**TASK PROMPT**
Copy nothing but the lines below, from the one with "Design: The puzzle" through the one with "Exceptional exposed red", exactly as written; no pictures should appear.
--- DATASET CONTENT Enclosed Below ---
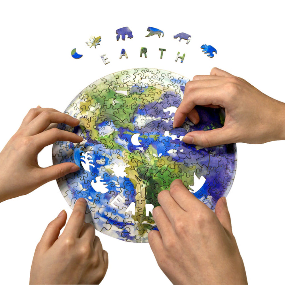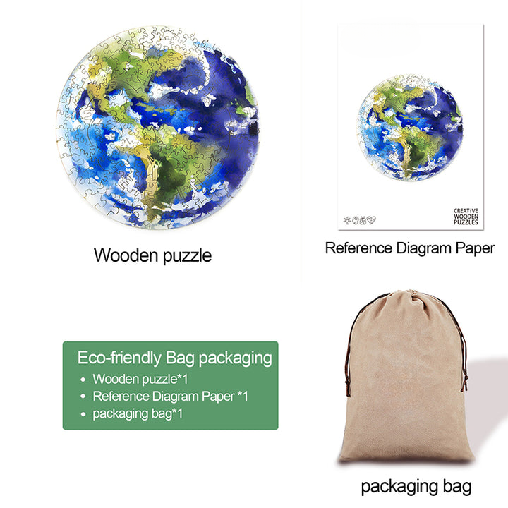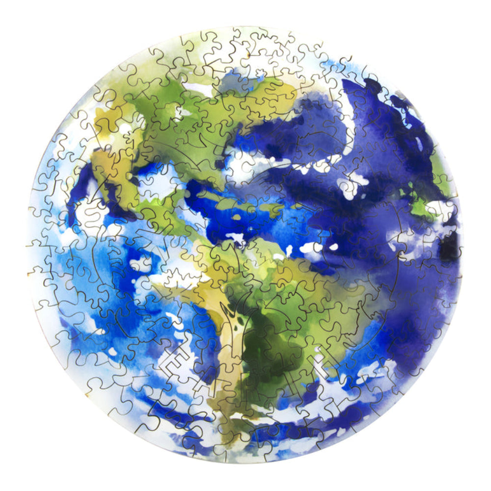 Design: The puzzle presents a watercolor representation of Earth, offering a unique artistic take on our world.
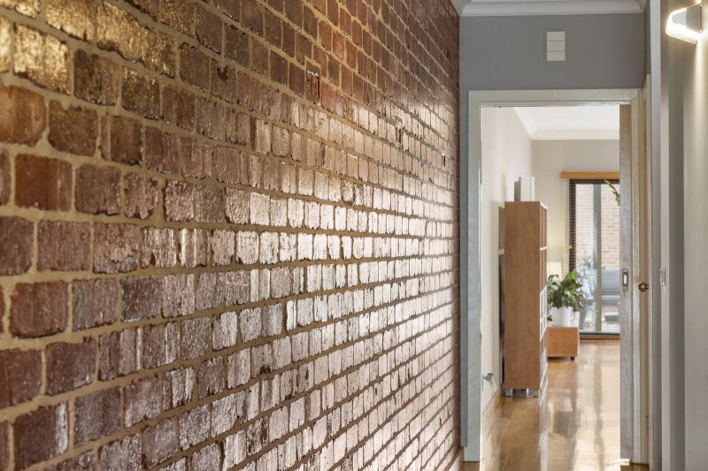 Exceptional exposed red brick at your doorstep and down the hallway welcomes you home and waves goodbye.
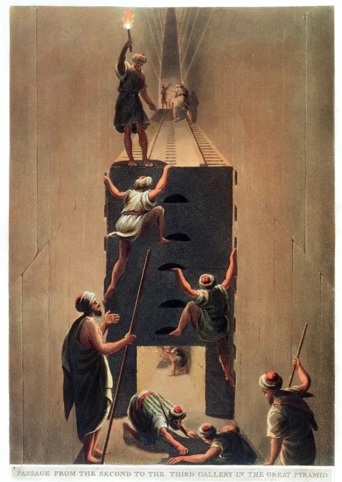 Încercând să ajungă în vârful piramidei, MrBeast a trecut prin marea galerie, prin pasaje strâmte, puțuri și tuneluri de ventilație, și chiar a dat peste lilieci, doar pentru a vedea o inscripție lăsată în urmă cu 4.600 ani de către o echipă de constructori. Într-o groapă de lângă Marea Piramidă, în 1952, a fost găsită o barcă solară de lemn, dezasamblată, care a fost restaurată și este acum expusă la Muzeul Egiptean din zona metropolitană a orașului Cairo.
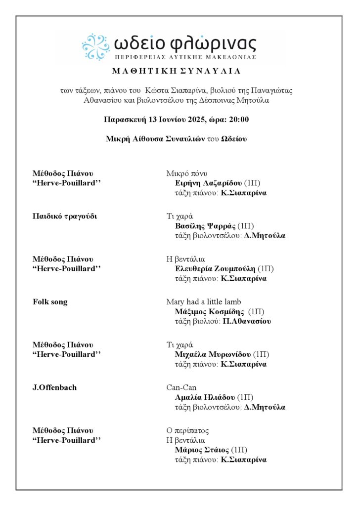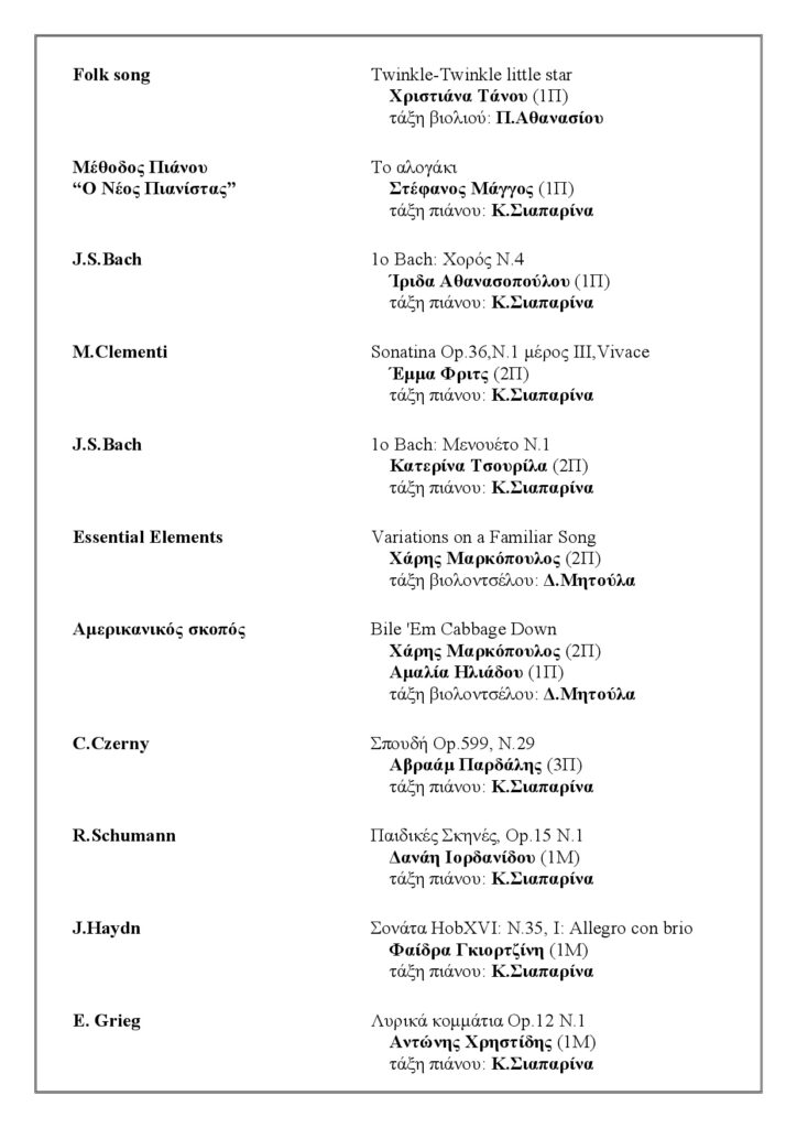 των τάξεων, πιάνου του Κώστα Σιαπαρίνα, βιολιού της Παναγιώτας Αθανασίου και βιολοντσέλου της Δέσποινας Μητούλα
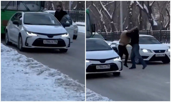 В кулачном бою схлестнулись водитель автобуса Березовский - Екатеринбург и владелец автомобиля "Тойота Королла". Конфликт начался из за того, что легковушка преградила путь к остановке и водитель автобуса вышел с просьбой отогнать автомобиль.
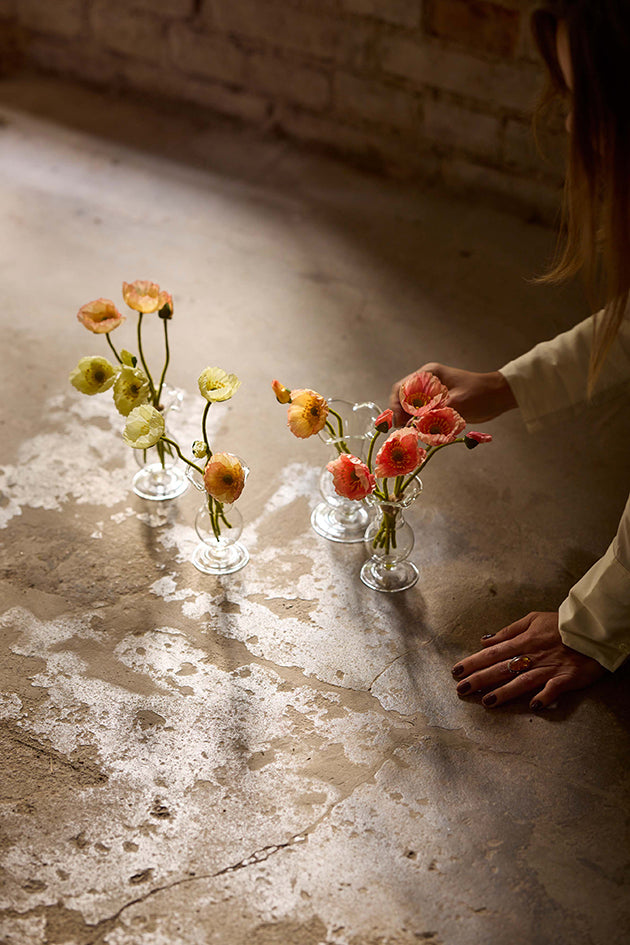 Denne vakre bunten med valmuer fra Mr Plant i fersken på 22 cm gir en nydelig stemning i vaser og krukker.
--- End of Enclosed DATASET CONTENT ---
--- DATASET CONTENT Enclosed Below ---
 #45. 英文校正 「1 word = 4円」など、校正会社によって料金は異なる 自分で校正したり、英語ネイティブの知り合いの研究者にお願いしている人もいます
--- End of Enclosed DATASET CONTENT ---
**RESULT**
 Design: The puzzle presents a watercolor representation of Earth, offering a unique artistic take on our world.
 Exceptional exposed red brick at your doorstep and down the hallway welcomes you home and waves goodbye.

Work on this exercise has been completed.